Treasury Secretary Janet Yellen said there might potentially be more bank mergers this year, due to higher interest rates and the recent regional bank turmoil, which is making it more expensive for them to keep depositors, according to The Wall Street Journal.
Speaking in Paris, Yellen reiterated her view that banks are paying more on savings accounts due to higher rates, which is putting a dent in their profitability, and could trigger more bank failures, according to The Wall Street Journal.
Yellen added that weaker second-quarter earnings could put pressure on stock prices, also potentially triggering more bank mergers.
“I don’t think it’s a huge threat to the sector, but there will probably be banks that end up wanting to merge,” Yellen said in an interview in Paris, according to The Wall Street Journal.
There were three bank failures so far this year, which prompted fears of contagion in the banking system. In March, the quick collapse of Silicon Valley Bank and Signature Bank prompted regulators to take measures to avoid more damage, stem the outflow of depositors and reassure jittery consumers. And on May 1st, JPMorgan Chase acquired most of the assets and “assumed the deposits and certain other liabilities” of First Republic Bank, following the bank’s seizure by the Federal Deposit Insurance Corporation (FDIC) and ensuing “highly competitive bidding process.
In terms of what more bank failures mean to consumers, one direct consequence is that credit is much tighter.

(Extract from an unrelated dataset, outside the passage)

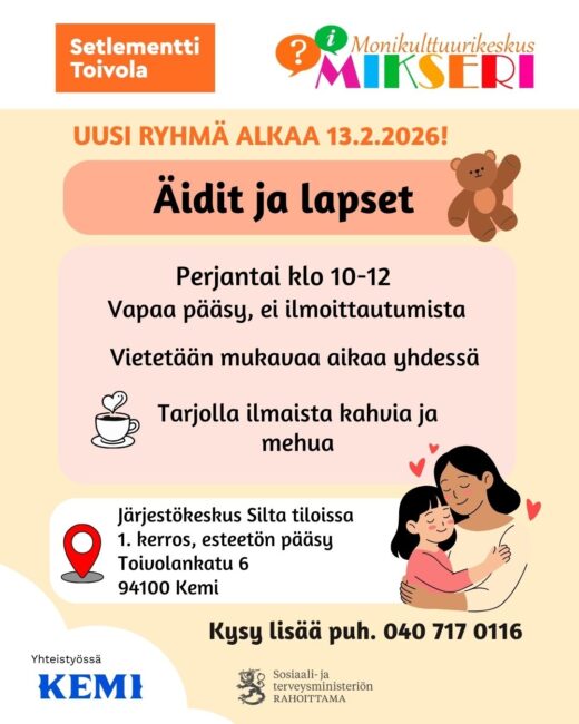 Monikulttuurikeskus Mikserin uusi, kaikille avoin ja maksuton Äidit ja lapset -ryhmä alkaa 13.2.2026!

“With inflation falling and the Federal Reserve projecting two additional 25 basis point rate hikes this year, credit will likely get a lot tighter,” said William J. Luther, director of the American Institute for Economic Research’s Sound Money Project. Luther explained that higher rates would pressure banks to pay their depositors more despite not earning any more on the bonds and loans they already hold.
“If large depositors expect this pressure to result in large losses, they will reduce their deposit holdings at the bank. That could cause the bank to fail, prompting its merger with other banks,” he added. “At this point, Yellen is merely sounding the alarm so that banks take the necessary precautions for the months ahead. Most banks are reasonably well-positioned at the moment. But excessive rate hikes–which the Fed seems intent on delivering–could change that.”
In Paris, Yellen said more consolidation in the banking industry could be healthy, noting, however: “We certainly don’t want overconcentration and we’re pro-competition, but that doesn’t mean no” mergers, according to The Wall Street Journal. “We have more banks, relatively speaking, in the United States than almost any country of which I’m aware.”
Following her remarks, Senator Elizabeth Warren (D-Mass.) wrote a letter addressed to the Secretary and Acting Comptroller of the Currency, Michael Hsu, in which she noted that additional bank mergers would be detrimental to consumers, adding they were taking “exactly the wrong approach.”
“This consolidation hurts consumers. Consolidation causes “higher prices and more fees, lower deposit rates, less access to credit, bank branch closures, and job cuts,” she wrote in the June 27 letter.
“Allowing additional bank consolidation would be a dereliction of your responsibilities, hurting American consumers and small businesses, betraying President Biden’s commitment to promoting competition in the economy, and threatening the stability of the financial system and the economy,” Warren added.